In the English scientific journal Engineering, of June 21, 1878, appears a six column article on "Edison's Carbon Telephone," illustrated with ten engravings from Mr. Prescott's recent work on "The Speaking Telephone, Talking Phonograph, and other novelties." The descriptions of the cuts, and the rest of the information given, so far as correct, obviously come from the same source.
So far as correct: unhappily for the honor of scientific journalism, the writer's desire is plainly not so much to do justice to truth as to exalt Mr. Hughes at the expense of Mr. Edison. To this end he has studiously suppressed from Mr. Prescott's description of the carbon telephone the points which establish Mr. Edison's claim to the prior invention or discovery of everything involved in Mr. Hughes' microphone, while he has as studiously dwelt upon those same points as constituting the peculiar merits of Mr. Hughes' work.
For example, while he uses Fig. 21 of Mr. Prescott's book, he leaves out the very important little diagram numbered 20. It represents one form of the apparatus to which Sir William Thomson refers in the letter in which he says:
"It is certain that at the meeting of the British Association at Plymouth last September, a method of magnifying sound in an electric telephone was described as having been invented by Mr. Edison, which was identical in principle and in some details with that brought forward by Mr. Hughes."
The figure looks altogether too much like one form of Mr. Hughes' microphone to allow of its use in an article intended to establish the novelty of Mr. Hughes' discovery.
The omissions from the text are quite as significant. Under the first cut used in Engineering, Mr. Prescott says: "In the latest form of transmitter which Mr. Edison has introduced the vibrating diaphragm is done away with altogether, it having been found that much better results are obtained when a rigid plate of metal is substituted in its place.... The inflexible plate, of course, merely serves, in consequence of its comparatively large area, to concentrate a considerable portion of the sonorous waves upon the small carbon disk or button; a much greater degree of pressure for any given effort of the speaker is thus brought to bear on the disk than could be obtained if only its small surface alone were used."
The Engineering writer coolly suppresses this important statement. He does worse: he puts in its place the false statement that "the essential principle of Mr. Edison's transmitter consists in causing a diaphragm, vibrating under the influence of sonorous vibrations, to vary the pressure upon, and therefore the resistance of, a piece of carbon," and so on.
A little further on, while repeating Mr. Edison's account of the experiments which led to the abandonment of the vibrating diaphragm (page 226 of Mr. Prescott's book), the Engineering writer drops out the following remark by Mr. Edison: "I discovered that my principle, unlike all other acoustical devices for the transmission of speech, did not require any vibration of the diaphragm—that, in fact, the sound waves could be transformed into electrical pulsations without the movement of any intervening mechanism."
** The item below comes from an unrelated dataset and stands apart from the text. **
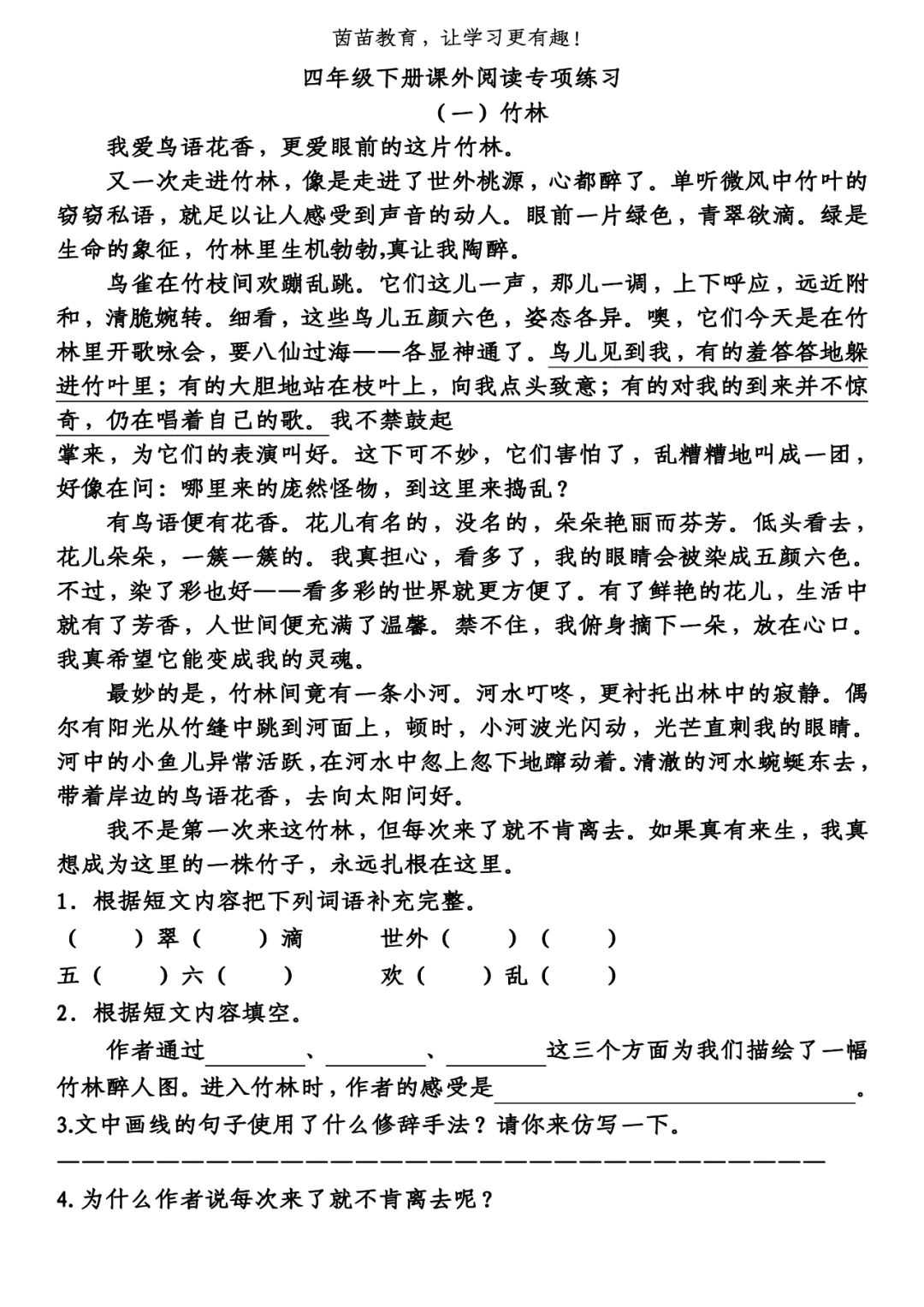 4.因为竹林像个世外桃源,有着醉人的美景:欢蹦乱跳的鸟雀、五颜六色的花朵、蜿蜒流淌的小河,这一切都让作者留恋不肯离去。

Worse yet, in the very face of Mr. Edison's assertion to the contrary—an assertion which he could not by any possibility have overlooked—this most unscientific journalist says: "Mr. Edison finds it necessary to insert a diaphragm in all forms of his apparatus, that being the mechanical contrivance employed by which sonorous vibrations are converted into variations of mechanical pressure, and by which variations in the conductivity of the carbon or other material is insured.... On the other hand, Mr. Hughes employs no diaphragm at all, the sonorous vibrations in his apparatus acting directly upon the conducting material or through whatever solid substance to which they may be attached."
In this way throughout the offending article, the writer persistently robs Edison to magnify Hughes, giving credit to Mr. Hughes for exactly what he has suppressed from Mr. Prescott's book. To insist as he does, that, because Mr. Edison covers his carbon button with a rigid iron plate, in his very practical telephone, therefore a vibrating diaphragm is an essential feature of Mr. Edison's invention, is a very shallow quibble in the face of Mr. Edison's and Mr. Prescott's statements that the carbon button acts precisely the same in the absence of such covering, though not so strongly. Mr. Edison's laboratory records show a great variety of experiments in which the carbon was talked against without "any intervening mechanism." In a telephone for popular use, however, to be held in the hand, turned upside down, talked into, exposed to dust and the weather, it was obviously necessary to use some means for holding the carbon in place, and to prevent its sensitiveness from being destroyed by dirt and the moisture of the breath when in use. For this purpose a rigid iron partition seemed at once convenient and durable. It is not in any sense a "vibrating diaphragm."